**The problem:**
Every entry in the following listing must be restated word for word, though not its pictures.

-*-*-

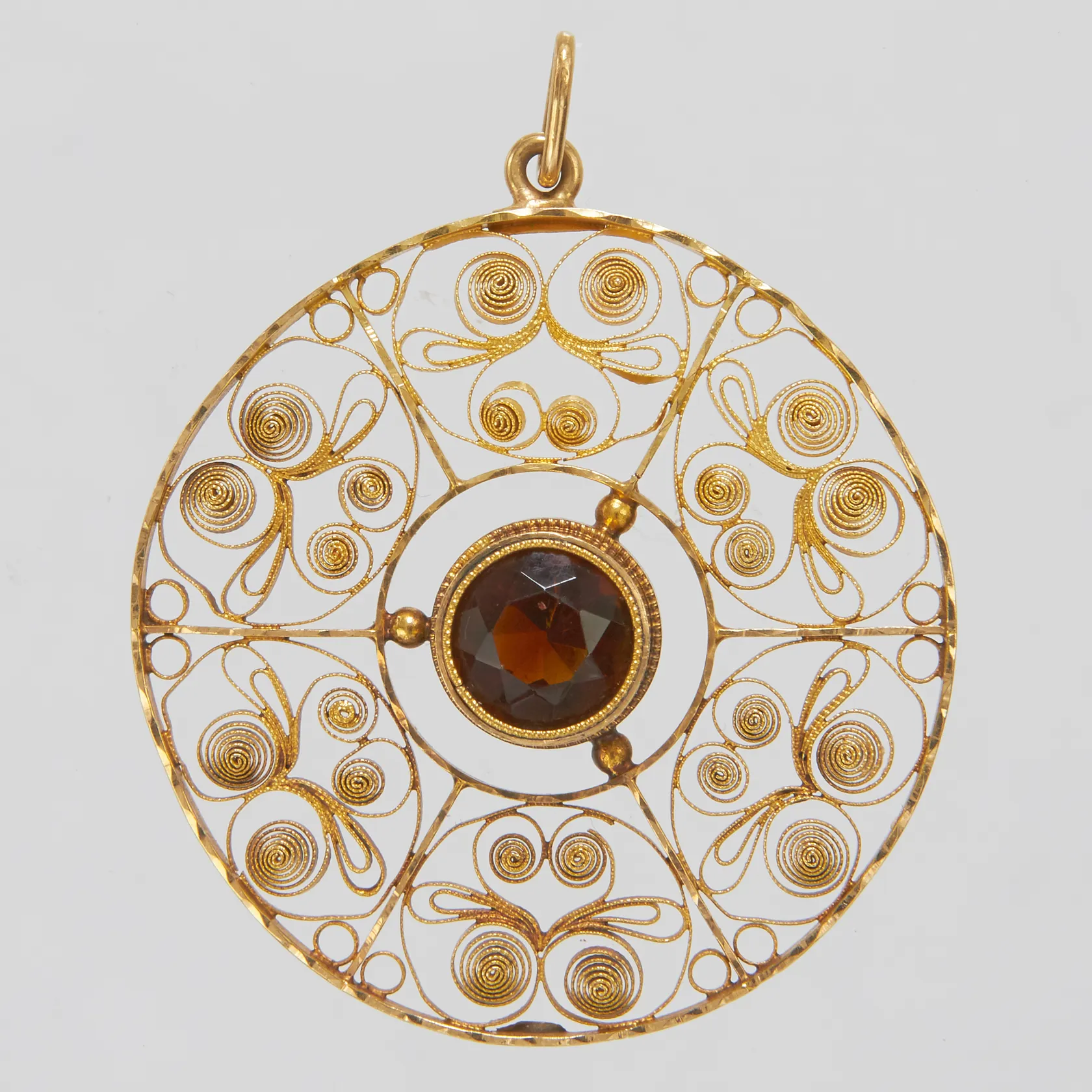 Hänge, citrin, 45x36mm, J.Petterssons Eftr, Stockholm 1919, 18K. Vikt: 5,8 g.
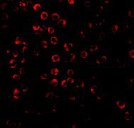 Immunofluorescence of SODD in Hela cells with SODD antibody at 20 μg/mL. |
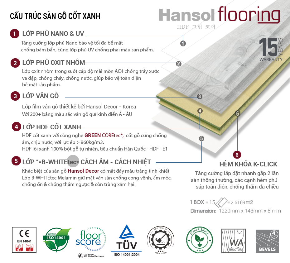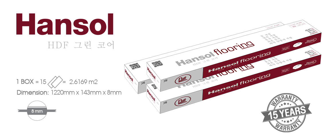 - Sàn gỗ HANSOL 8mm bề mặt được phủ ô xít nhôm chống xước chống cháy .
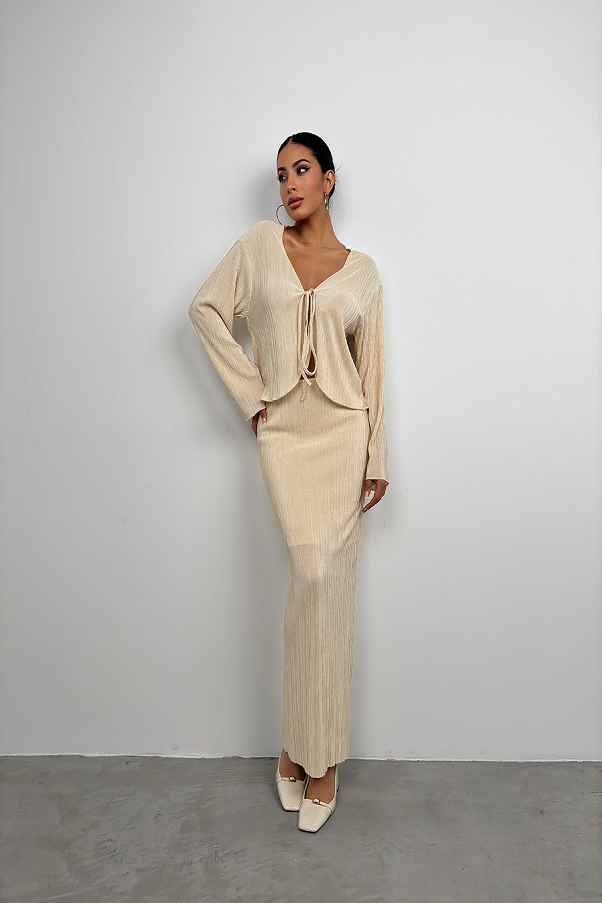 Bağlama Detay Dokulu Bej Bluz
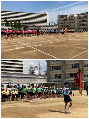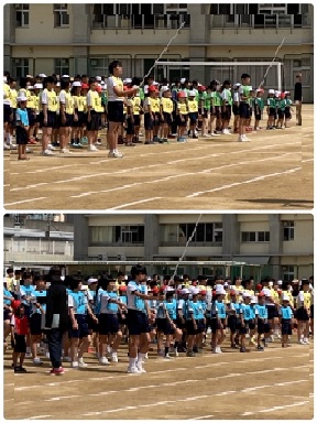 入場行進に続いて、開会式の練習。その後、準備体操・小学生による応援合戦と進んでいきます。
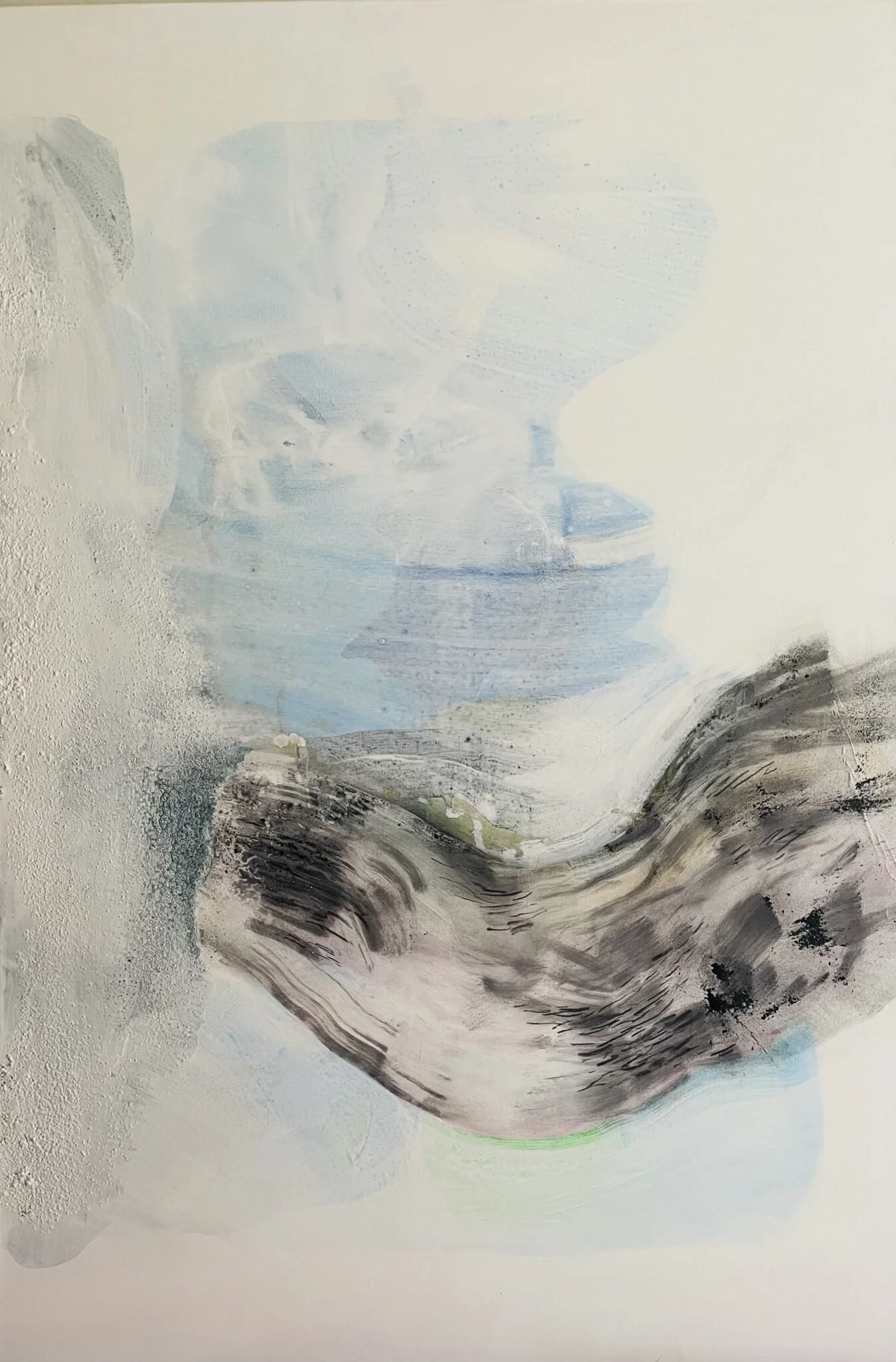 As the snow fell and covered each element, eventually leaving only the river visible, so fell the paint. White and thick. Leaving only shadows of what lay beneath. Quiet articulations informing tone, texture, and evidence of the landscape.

-*-*-

**Response:**
 Hänge, citrin, 45x36mm, J.Petterssons Eftr, Stockholm 1919, 18K. Vikt: 5,8 g.
 Immunofluorescence of SODD in Hela cells with SODD antibody at 20 μg/mL. |
 - Sàn gỗ HANSOL 8mm bề mặt được phủ ô xít nhôm chống xước chống cháy .
 Bağlama Detay Dokulu Bej Bluz
 入場行進に続いて、開会式の練習。その後、準備体操・小学生による応援合戦と進んでいきます。
 As the snow fell and covered each element, eventually leaving only the river visible, so fell the paint. White and thick. Leaving only shadows of what lay beneath. Quiet articulations informing tone, texture, and evidence of the landscape.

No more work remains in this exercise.